Très remonté par ces accusations de mensonge, le Népalais n’a pas caché sa déception mais aussi sa détermination : « S'il le faut, je dénoncerai ouvertement tout le monde ! », écrivait il dans la foulée de ses vidéos. « Je suis extrêmement déçu par la communauté de la montagne qui fait appel à moi en temps de crise ! Tout ce que j'ai essayé de faire, c'est d'avoir un impact positif pour les alpinistes et le #Népal".
Et dès mercredi matin il a contre-attaqué avec des preuves, en publiant une vidéo sur Instagram montrant les cordes coupées et en donnant la parole à des Sherpas de son agence, Elite Exped. Et si d'autres cordées ont pu atteindre le sommet, dit-il, c’est parce que son équipe avait déjà réparé la ligne. « Ils me traitent de menteur. Mais voilà la preuve que la corde a bel et bien été coupée", dit-il.
INTEGRITY. My team and I summitted Everest and Lhotse – what should be a huge celebration and yet I now have to clear up this negativity. Anything I do is with honesty and integrity – I do not make things up. On this video you can clearly see the cut ropes, which we were warned… pic.twitter.com/yAfdvFB98A
— Nirmal Purja MBE (@nimsdai) May 29, 2024
Les Sherpas de Nims Dai auraient en effet trouvé la corde coupée exactement à l'endroit indiqué par leurs collègues de Peak Promotion. Une section de 36 mètres environ localisée en bas de la montagne, entre le sommet sud de la montagne et une section connue sous le nom de The Balcony. Leur première hypothèse : un accident causé par un rocher. Mais à bien y regarder, la corde a clairement été sectionnée par un couteau, selon eux.

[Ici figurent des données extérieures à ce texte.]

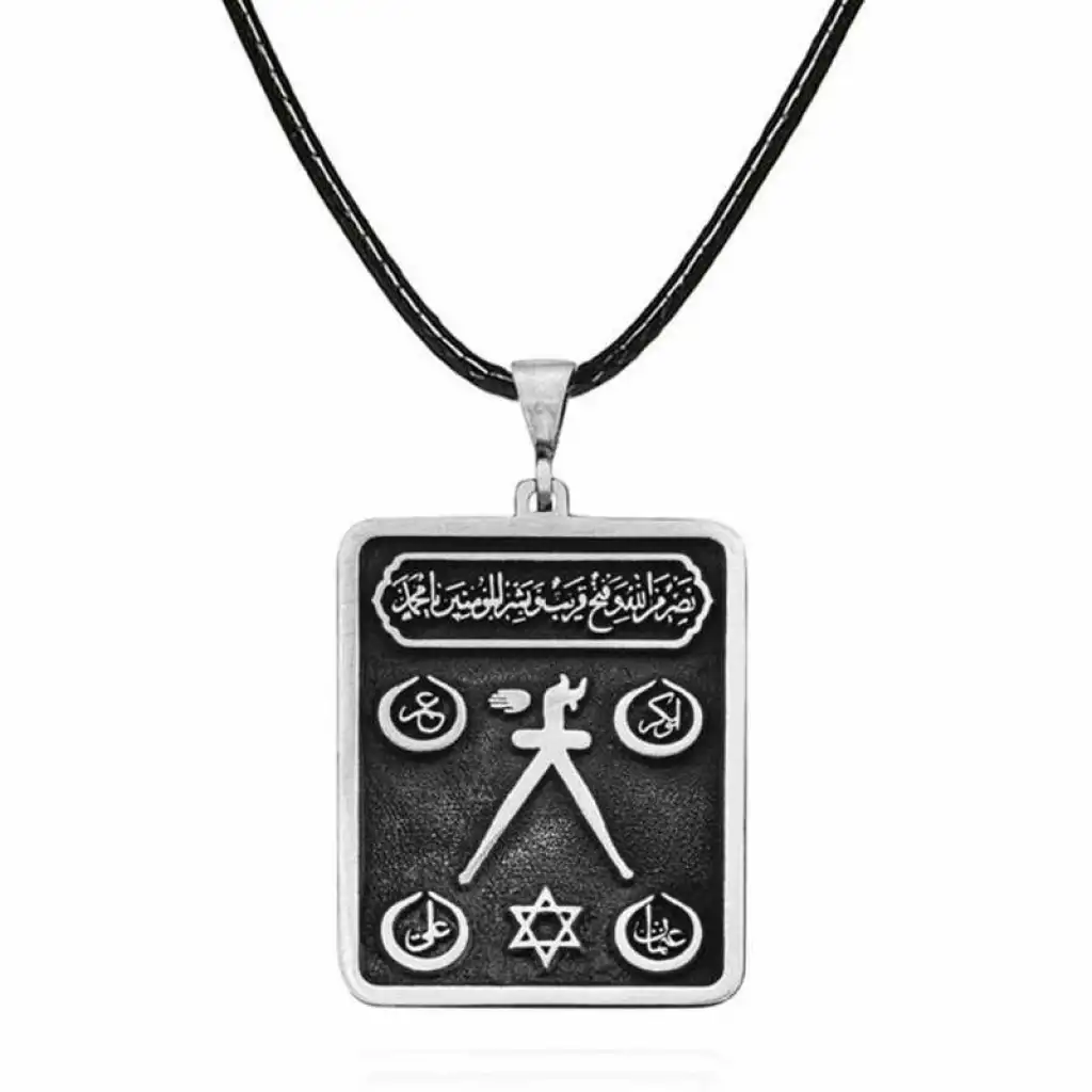 Barbaros sancağının; Alt kısımda göbekte zülfikar ve bunun dört köşesinde ise islam'ın temsili olan hilal şekillerinin içerisinde sırasıyla sağ üst, sol üst, sağ alt ve sol altta ebu bekir, ömer, osman, ali isimleri yazmaktadır. kılıcın kabza kısmına yakın duran beyaz el ise "pençe-i ali aba"dır. Bu şık kolye 925 ayar gümüşten imal edilmiştir. Gümüş üzerine oksit kaplama yapılmıştır. Oksit kaplama yapılan kolyeler otantik bir görünüme sahip olur. Tüm kolyelerde olduğu gibi gümüş Barbaros Hayrettin paşa sancağı işlemeli kolye de el emeği ile üretilmiştir. 55 cm kilitli kauçuk zincir İle birlikte gönderilmektedir. Gümüş ve değerli taşlar nedeniyle belirtilen ortalama ürün ağırlığında ± %10 sapma olabilmektedir.

L’enquête est ouverte et on attend une déclaration de Nims Dai dès son retour d'expédition. Reste que le Népalais évolue actuellement dans un climat plutôt hostile. Car ce n'est pas la première fois qu’il se retrouve au centre d'une controverse. Tout récemment encore, le 26 mai, The Himalayan Times rapportait que la semaine dernière, l'autorité de l'aviation civile du Népal avait refusé de lui accorder un permis de vol, alléguant qu’il avait illégalement réquisitionné un hélicoptère sur l'Everest au début du mois. « Faux », avait alors rétorqué un porte-parole de l’agence de Nims Dai expliquant qu’il s’agissait de soigner des clients malades, intervention tout à fait légale.
Sur cette affaire comme sur la polémique des cordes, l’ancien membre du régiment népalais Ghurka et des forces spéciales britanniques, fidèle à sa réputation, ne semble pas avoir l’intention de faire profil bas. Mais il est clair désormais que ses coups d'éclat ne lui valent pas que des amis au sein du gouvernement, ce qui n'étonnera guère. Mais aussi que sa position au sein de la communauté népalaise est quelque peu fragilisée.